The Silesian Swallows are better called Wing Pigeons.

# 09 is not a Pygmy, it's a Brunner Cropper - note that the legs are NOT slippered and they are straight, among other things.
#10 is a Blondinette (Oriental Frill) The Breed is Oriental Frill: the self colored birds are blondinettes, the shield marked, tail-marked ones are Satinettes.
#11 is a Blondinette The Breed is Oriental Frill: the self colored birds are blondinettes, the shield marked, tail-marked ones are Satinettes.
#12 is a Chinese Owl
#19 & 20 are Bokharas
#21 is 99.9% sure to be a Satinette (Oriental Frill)
#22 is a black Reversewing Cropper, not a Ghent.
#27 You're correct they are Old German Croppers
#39 and following are Muffed LFCL Tumblers
#42-43 English Trumpeters
#47 - I think Bill nailed this, looks to be a dominant opal Modena
#48 - very unusual color on the American Show Racer (i'm not even going to guess at the combination here)
#49 look to be Parlor Tumblers, but could be a few other things as well
#52 - Bill's correct, it's a yellow roller, but whether they're calling it a "flying" roller or a "show" roller is hard to determine here.
#55 Bill's correct, it is an Egyptian Swift
#57 African Owl
#76-77 Blondinette (Brown) The Breed is Oriental Frill: the self colored birds are blondinettes, the shield marked, tail-marked ones are Satinettes.
#78 is a Silesian Cropper and it's an Isabel (recessive red, pale, dominant opal) and gorgeous!
#88 - Fantail (There is NO such thing as an "American" fantail. There are Fantails; Indian Fantails, Syrian Fantails, but NO American. It doesn't exist.)


----------



## Garye (Feb 20, 2005)

Why do they feel the need to paint those birds? They're beautiful naturally.


----------



## MaryOfExeter (Sep 30, 2007)

The way I understand it, each person has their own pattern or colors they paint their birds, and it makes them easier to identify in the air.
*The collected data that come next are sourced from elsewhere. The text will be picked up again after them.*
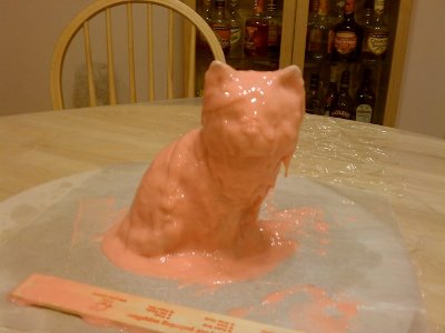 I'm EXTREMELY nervous about this right now. I didn't make a big enough batch of silicone, and I didn't work it fast enough. I mixed a second batch, but clumps of the still-curing first batch mixed with the second, and the results are shown above. Should I be worried, or is this okay? Also, getting the silicone into the flanges at the back was a terrible ordeal... I pushed some in with a paintbrush, but I'm afraid I've either scratched up the clay (not a big deal) or created some air pockets (which could be a big deal). I know this stuff is relatively self-leveling, but it just looks so messy right now, and I'm starting to freak out.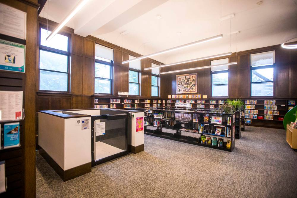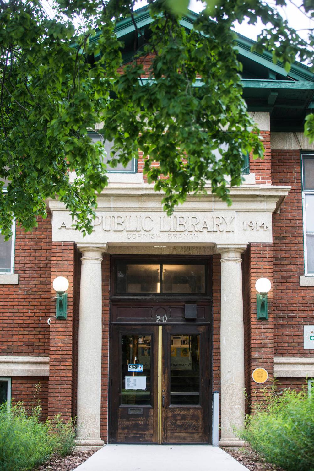 The Cornish Library, designed by local architect S. Frank Peters, consists of one main storey with a raised lower level that was used for lecture series and meetings. Its central entrance is framed by Tuscan columns, the most unadorned of the classical orders, and topped by a modest triangular pediment. The interior plan also reflects Carnegie ideals. “When you go in the main entrance, you go up the stairs and there is an open space with a reading area, and — this is really important, too — there’s a substantial area of the floorspace devoted to children,” Dudley states.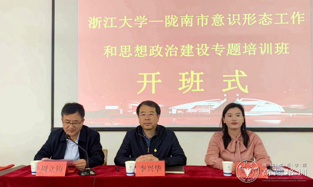 5月20日,陇南市意识形态工作和思想政治建设专题培训班在浙江大学华家池校区顺利开班。开班仪式由陇南市委常委、宣传部长李兴华,陇南市委宣传部副部长周立钧出席。49位来自陇南市各县宣传部门的负责人,陇南市意识形态工作联席会议有关成员单位分管负责人,市直宣传思想文化系统领导干部及业务骨干作为学员参加了本次培训。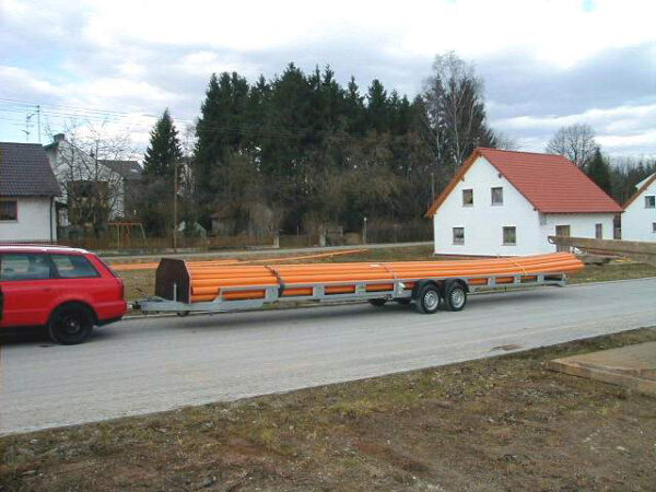 Der Unsinn UR 10513-35-14 ist ein robuster Rohranhänger mit einem verwindungssteifen Längsträgerfahrgestell, das für optimale Fahreigenschaften sorgt. Seine Hohlprofilkonstruktion ist verschweißt und im Tauchbad feuerverzinkt, was eine hohe Lebensdauer gewährleistet. Die Ladungssicherung wird durch Verstärkungsträger mit diagonaler Befestigungsmöglichkeit für Spanngurte sowie eine zusätzliche Abstellstütze hinten optimiert. Die Ladefläche bietet eine mittig platzierte Ablagebox mit einer Länge von ca. 2000 mm sowie Querträger mit Holzleisten. Die elektrische Ausstattung umfasst eine Beleuchtung mit 13-poligem Stecker, Rückfahrscheinwerfer sowie eine Steckdose mit Zwischenkabel.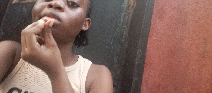 A close-up image captures a young individual, likely female, with dark skin and dark braided hair. The subject wears a light-colored, ribbed tank top, with a partial dark letter visible on the left chest area. The individual's right hand holds a small, light-brown, irregularly shaped object, which is positioned at their mouth, suggesting an act of eating or consumption. The background consists of two distinct vertical elements: a dark, weathered surface, possibly wood, on the left, and a reddish-orange, textured wall on the right. The specific location within Abuja, Nigeria, is not discernible from the visual evidence present in the image.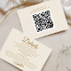 Este design apresenta um texto elegante em ouro com alojamento e dados de transporte. A parte traseira do cartão fornece espaço para você incluir o endereço do seu site de casamento e um código QR, permitindo que os convidados acessem facilmente informações adicionais sobre seu grande dia.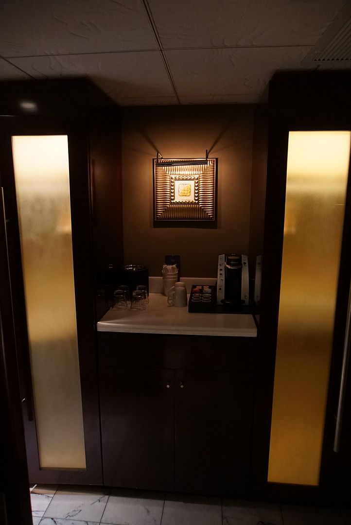 On top of the cabinet between the two closets was the beverage station. Here you could find an ice bucket, glasses, two coffee mugs, and some disposable cups. Also provided were a Keurig single serve coffee maker along with an assortment of K cups (Joffrey’s french roast regular and decaf coffee plus Twinings English Breakfast and Green teas). They also provided packets of sugar, sugar substitute and Coffeemate creamer…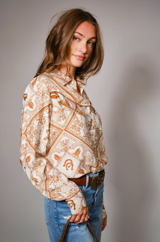 Blue B Western Printed Long Sleeve Button-Up Shirt

Terry, nope, never heard from Mr. Gardner again. 
But I do have the breeds folders up under my name in the Member Categories section of the Gallery. So now anyone who wants to can post pictures of different breeds there


----------



## TAWhatley (Mar 6, 2001)

Again, thank you everyone for the ID's on the birds .. just saw Frank's list! I have not had time to make the corrections, but I will get this done, and I'll then run the end result past the LAPC people just to be sure. Once we have it right, I'll start loading the photos into the album(s) that Becky has created. It may take us a good while to get there, but I'll bet we can come up with a pretty comprehensive gallery of pigeon breeds, colors, and feather patterns. 

Thanks to everyone who so freely shares their knowledge about such things .. I just go look, take pictures, and enjoy the shows. Hopefully I will make the Pageant of Pigeons, and we'll have a bunch more "eye candy" in the form of lovely pigeons to enjoy and ID.

Terry


----------



## bluecheck (Aug 17, 2006)

If you want "eye candy" - Thomas Hellmann will be there from Germany


----------



## TAWhatley (Mar 6, 2001)

bluecheck said:


> If you want "eye candy" - Thomas Hellmann will be there from Germany


LOL! I ASSume you are referring to the gorgeous photos that Mr. Hellmann takes of pigeons!  If Mr. Hellmann, himself, is eye candy .. well .. then I'll try to get some photos of him! 

Terry


----------



## Rosy (Sep 28, 2008)

*looks dilute*

Hard to tell from picture, but Oriental frill looks more like dilute black. At least my browns look browner. And it looks similar to my dilute blacks, which are kind of grayish looking


----------



## TAWhatley (Mar 6, 2001)

kien said:


> Hard to tell from picture, but Oriental frill looks more like dilute black. At least my browns look browner. And it looks similar to my dilute blacks, which are kind of grayish looking


Thanks for the post, Kien! I don't know enough about the genetics involved to comment, but welcome to Pigeon-Talk!

Terry


----------



## Skyeking (Jan 17, 2003)

TAWhatley said:


> LOL! I ASSume you are referring to the gorgeous photos that Mr. Hellmann takes of pigeons!  If Mr. Hellmann, himself, is eye candy .. well .. then I'll try to get some photos of him!
> 
> Terry


 LOL....Terry, PLEASE do... if that is INDEED the case. 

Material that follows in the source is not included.